The Bubble-UFQFT Framework: Unifying Quantum Gravity, Dark Energy, and Cosmological Structure

The standard ΛCDM model has been remarkably successful in explaining many features of the cosmos; however, it remains theoretically incomplete. Its reliance on a primordial singularity, the unexplained nature of dark energy, and its incompatibility with quantum gravity at Planck scales point to fundamental gaps in our understanding of the universe. This study proposes a holographic bubble universe framework as a viable alternative, addressing these limitations through a physically motivated and observationally testable model.In this approach, the universe is treated as a 3+1-dimensional bubble embedded in a higher-dimensional quantum medium. The model eliminates the need for an initial singularity by replacing it with a finite quantum fluctuation in a pre-geometric background. Cosmic expansion arises naturally from the negative pressure exerted by the external environment—mimicking dark energy dynamics without invoking a finely tuned cosmological constant.
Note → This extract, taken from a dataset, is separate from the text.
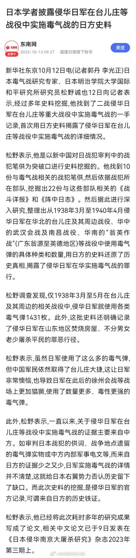 值得注意的是,85年前,侵华日军对我抗日军民同样也使用过毒气弹(见图2)。这是日本明治学院大学国际和平研究所研究员松野诚在整理新中国对日本战犯审判中的战犯笔供进行史料挖掘出来的。近日,他向记者表示,经过多年的史料研究,他找到了二战侵华日军在台儿庄等重大战役中实施毒气战的一手记录,首次用日方史料揭露了侵华日军在台儿庄等战役中实施毒气战的详细情况。

Moreover, the model integrates the holographic principle by encoding information on the 2+1D boundary, thereby preserving unitarity and resolving entropy paradoxes inherent in the standard model.The framework yields concrete, testable predictions: echoes and anisotropies in the Cosmic Microwave Background (CMB), discrete gravitational wave modes, and topological features in large-scale structure distributions. These signatures are consistent with recent data from DESI, LISA, and Euclid, offering a promising avenue to reconcile observational cosmology with quantum gravity. By addressing the foundational weaknesses of ΛCDM—particularly the singularity problem and the ad hoc treatment of dark energy—the bubble universe model offers a unified, falsifiable, and conceptually coherent cosmological paradigm.